He was educated at Finchley Grammar School and St Columba's College, St Albans. He then attended the Rose Bruford drama college in Sidcup.

Harbour joined the BBC Drama Repertory Company, and then became a presenter of a BBC children's education programme, Finding Out in the early 1970s. His stage debut came in April 1975 when he played Frid in Wheeler and Sondheim’s A Little Night Music, alongside stars such as Jean Simmons, Hermione Gingold and Joss Ackland. In 1998, he played the Mysterious Man/Cinderella's Father in Into the Woods at the Donmar Warehouse. He also played Firmin in the West End production of The Phantom of the Opera.
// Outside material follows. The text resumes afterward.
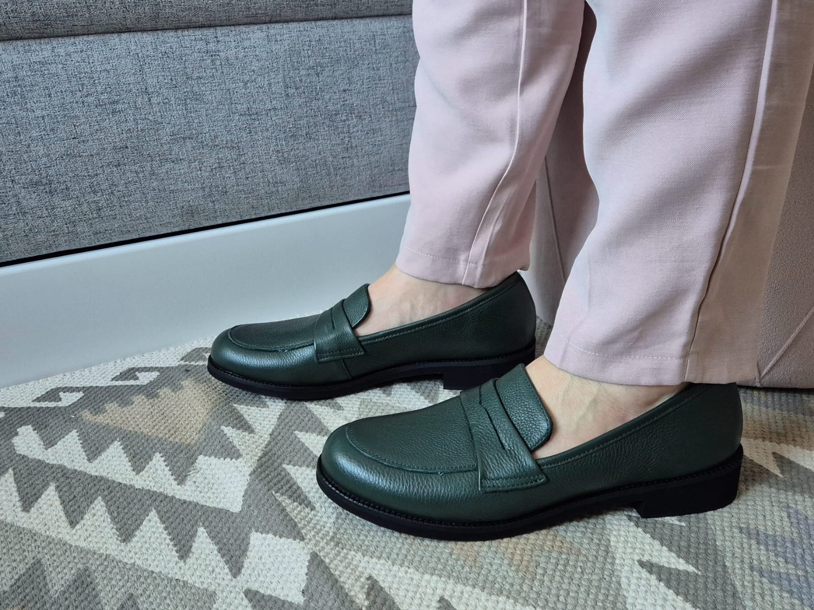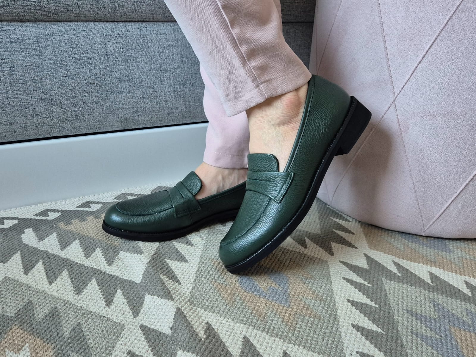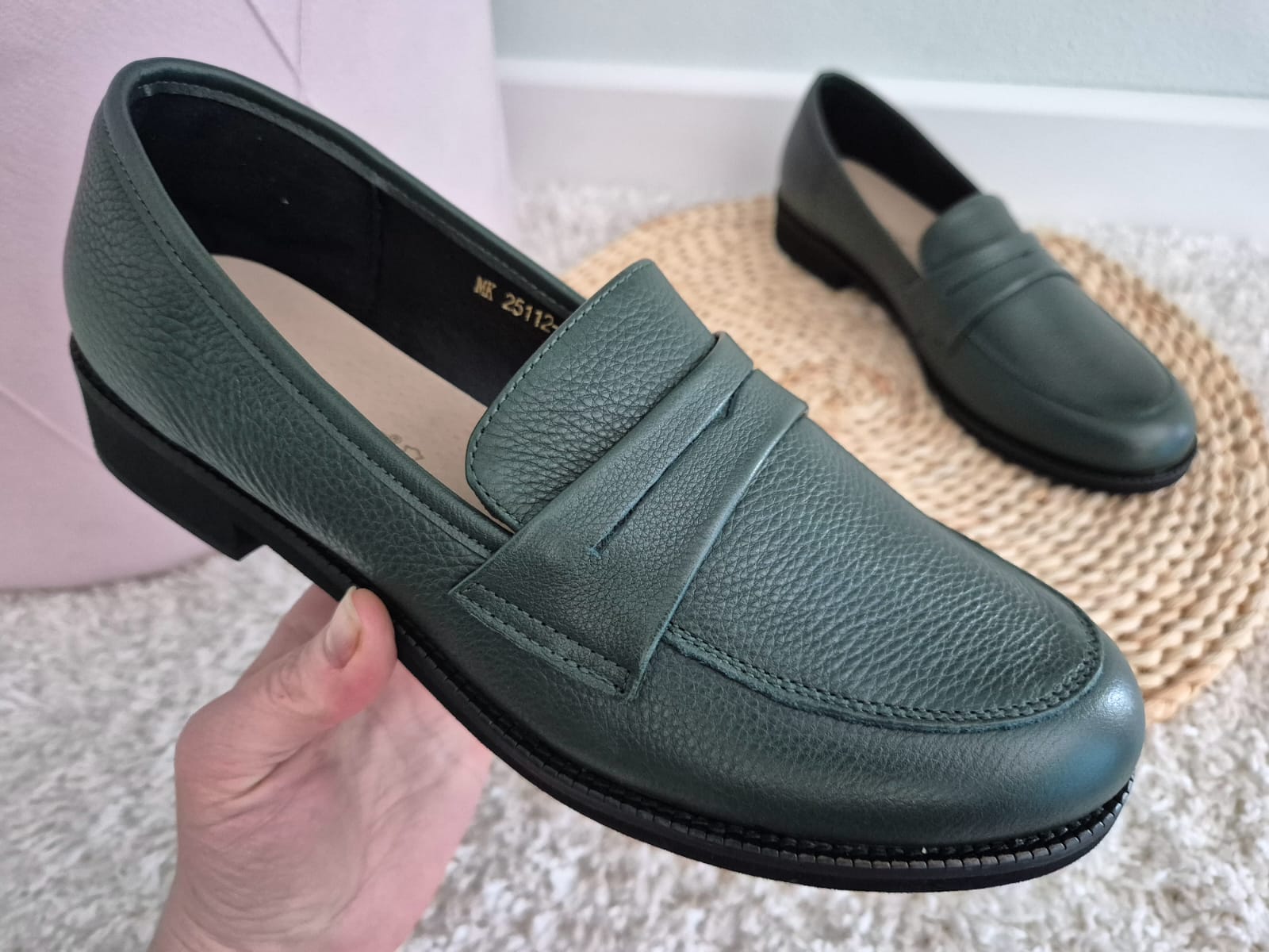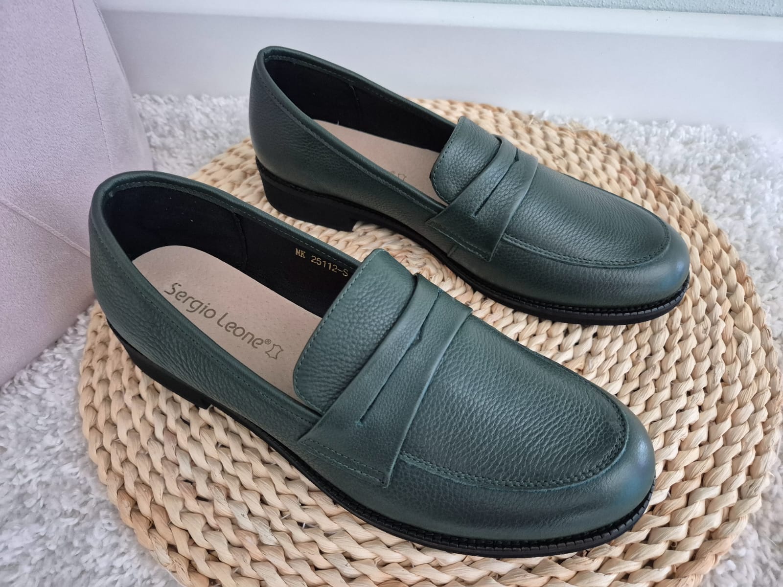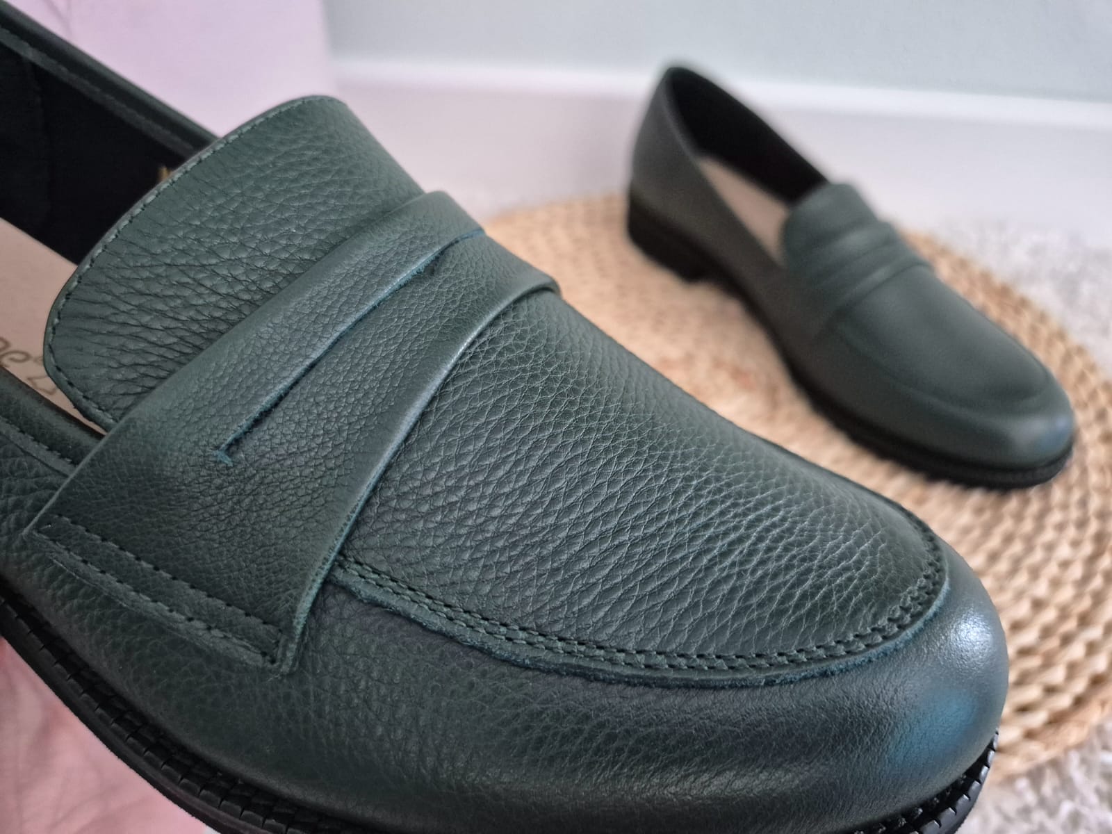 Mokasyny Damskie Półbuty Skórzane Miękkie Zielone WANDA

His television career prospered with appearances in many major series such as Budgie, Casualty, Heartbeat, Midsomer Murders and A Last Visitor for Mr Hugh Peter by Don Taylor, in which he co-starred with Peter Vaughan and Michael Pennington.

==Personal life==
Harbour met his future wife, Lesley Sizer Grieve, at St Columba’s. They married in 1968, and had two daughters: Emma, in 1968, and Kate in 1971.

Emma married John Bowe in 1995. She is an actress and writer, and a director of Bowe Harbour Productions Ltd. Kate is a voice actress.

Michael and his family lived for the last 20 years of his life on the Isle of Dogs. He was a keen gardener and spent much time at his late brother's house in Trebetherick in Cornwall, where he died on 9 April 2009, at the age of 63. He was buried at St Enodoc's Church, Trebetherick.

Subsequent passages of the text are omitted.